Abstract:
Foods may undergo mechanical, chemical or microbiological changes in all stages of the food
chain, under the action of various factors.
This study follows how food is stored in a unit where food is marketed and in a unit where food
is prepared and served. During storage, foods undergo a number of phenomena and
transformations. These occur because the foodstuffs have a relative stability over time, influenced
by internal (structural) and external factors, which can modify their fundamental properties,
through processes of degradation, alteration, chemical or microbiological contamination,
impurities with foreign substances, etc.
The perishability of food can be determined by a variety of causes, including:
- breathing (in plant products);
- evaporation (meat and meat preparations, cheeses, soaps, etc.);
- volatilization (for alcoholic beverages);
- Fragmentation (in cheeses, flours, dehydrated vegetables and fruits, flours);
- the diffusion of water or fat through packaging (cheeses, fats, halva, etc.);
- mold (vegetable products, etc.);
- cutting at sales operations (cheeses, salami, etc.);
- agglomeration (ex: milk powder);
- breaking and spilling (liquid products packed in glass containers, eggs, etc.)

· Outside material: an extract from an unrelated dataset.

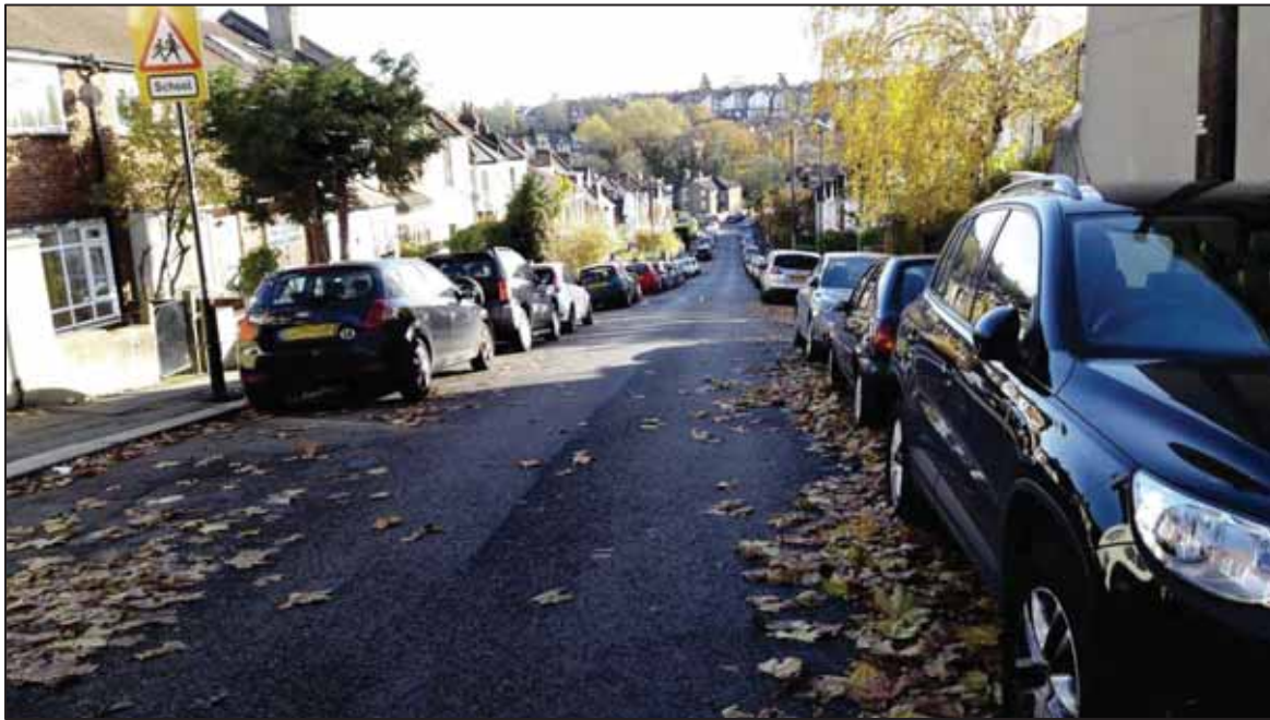
Figure 24. Hitherfield Road

Hitherfield Road is a two way through road approximately 240 metres in length. The road is a residential road consisting of a mixture of residential units; Hitherfield Road has terraced housing on the western side and semi-detached housing on the eastern side. Pedestrian access to Hitherfield Primary School is available in a central section of Hitherfield Road, next to Hitherfield Road Baptist Church.

- impregnation (soaking) of certain types of packaging (eg textile bags) with products in
powdered state (flour, wheat, sugar, etc.).
Considering these, in any type of unit with food profile, special attention is paid to the way in
which food is stored, both raw materials and finished products.
The current research highlights how in two units with food profile the food is stored taking into
account the degree of food perishability.